Letterform Archive has launched its online archive, featuring nearly 1,500 items and 9,000 images integral to the history of typography, graphic design, and written communication. This unparalleled collection of typographical artifacts, the digitization of which has been a four-year labor of love, is debuting online in a moment when the world needs it the most.
"This has been a dream since before the archive opened five years ago, and this launch was planned long ago," commented Rob Saunders, founder and executive director of Letterform Archive. "But what a perfect moment for radical accessibility."
Normally, Letterform Archive, located in San Francisco's creative Dogpatch neighborhood, is strictly a 'brick and mortar' collection where artists, scholars, and the font-loving public come in and learn from - and touch - a collection ranging from a 4,000-year-old cuneiform clay tablet to a page from a Gutenberg Bible to style manuals from Apple Computer. From a fifteenth-century handmade Rothschild Book of Hours to psychedelic '60s posters and the early pixelated digital type designs of the 1980s, it is a collection unparalleled in the Bay Area and unique across the world.

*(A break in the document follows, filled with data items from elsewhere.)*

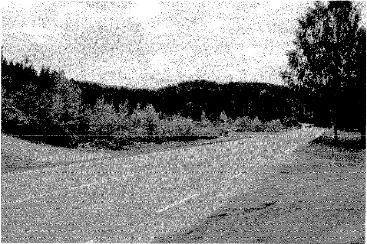
Grustaket sett sørfra. Rød pil markerer av/påkjøring
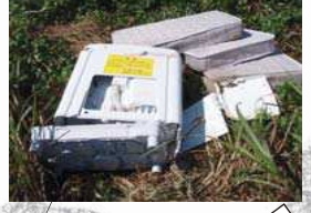
●洗濯機・マットレス
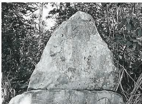
9 句碑(恵泉) 湯田中一茶散歩道 明治26年4月 (95×85×26)
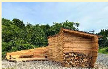
鹿児島大学大学院理工学研究科 木造サウナ小屋「FiKaSauna」 (学生デザイン活用枠)

○木製品の開発及び普及 県産材の需要拡大につながる新たな「木製品の開発及び普及」の取組（「一般枠」及び「学生デザイン活用枠」）
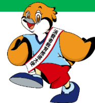
消費者教育推進大使 大阪府広報担当副知事 もずやん
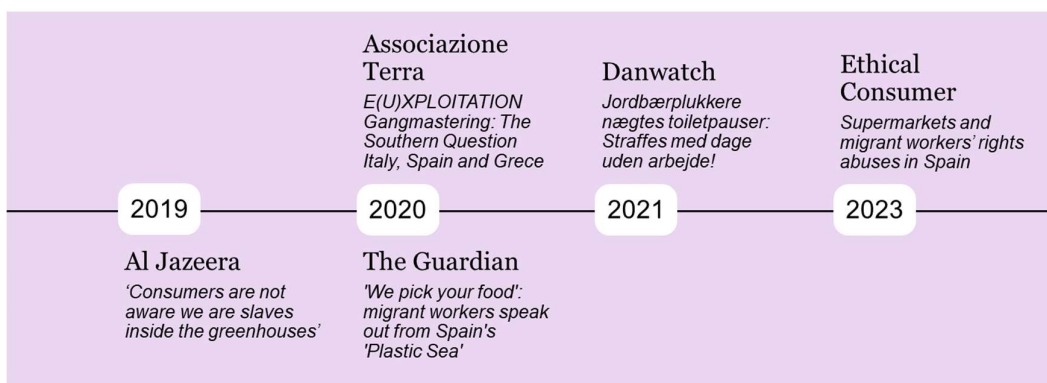
Figur 2: Tidslinje over noen tidligere rapporter om rettighetsbrudd i det sør-spanske jordbruket.

Utfordringer med arbeidsforholdene i jordbruket i Sør-Spania har vært diskutert i mange omganger:
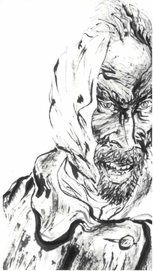
EL SOMRIURE DE VINCENT (dibuix)
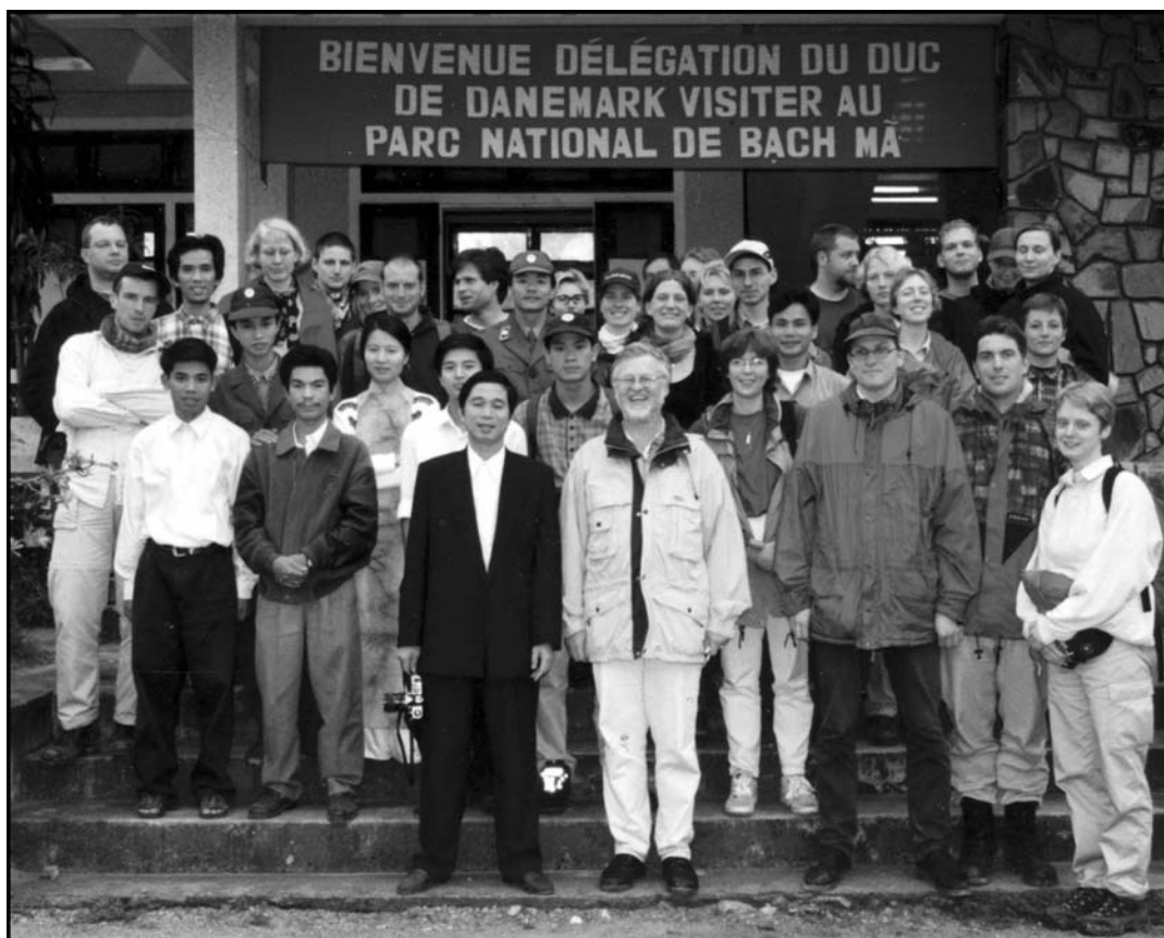
Abb. 5: Exkursionsgruppe des Geographischen Instituts der Universität Göttingen im Bach Ma National Park, Vietnam
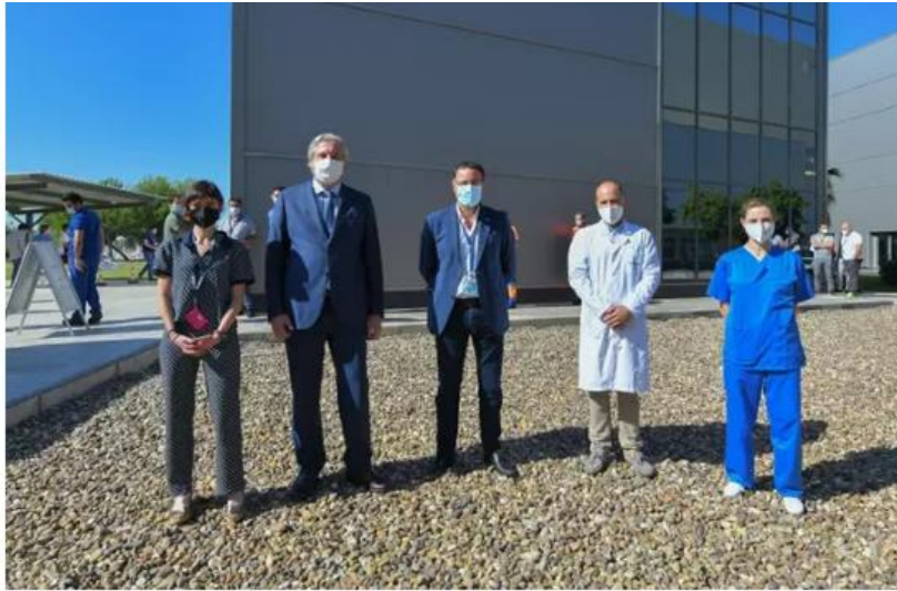
Visita a San Pablo con motivo de las vacunaciones - SERGIO FLORES SEVILLA, 22 Jun. (EUROPA PRESS) -

Un total de 180 trabajadores del Consorcio Aeronáutico Airbus han sido vacunados este martes contra el Covid-19 con la participación de profesionales del SAS y de los servicios médicos de la empresa, gracias al 'Plan Sumamos. Salud + Economía', según la Confederación de Empresarios de Sevilla (CES).
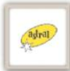
Astral Colchones y Cojines
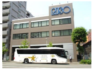
RISO 社屋前にて 今回の豪華な貸切バス
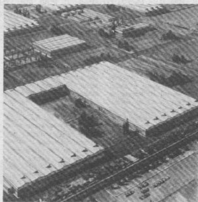
Brasile: la Fiat Automoves a Belo Horizonte

Per quanto riguarda la «FMB», le condizioni di lavoro sono definite « insopportabili ». « Il rumore assordante — è detto — fa impazzire: vi è ancora tensione e il sistema fascista di dominazione e repressione ».

For the last four years, Saunders and his team of librarians, curators, developers, and designers have been preparing for this moment: making its world-class digital trove of typographical artifacts available - free of charge - to anyone and everyone on the planet. The Archive's online repository of digitized materials related to lettering, typography, calligraphy, and graphic design spans thousands of years of history. Opened as a beta in 2018, the Online Archive was previously available to members only.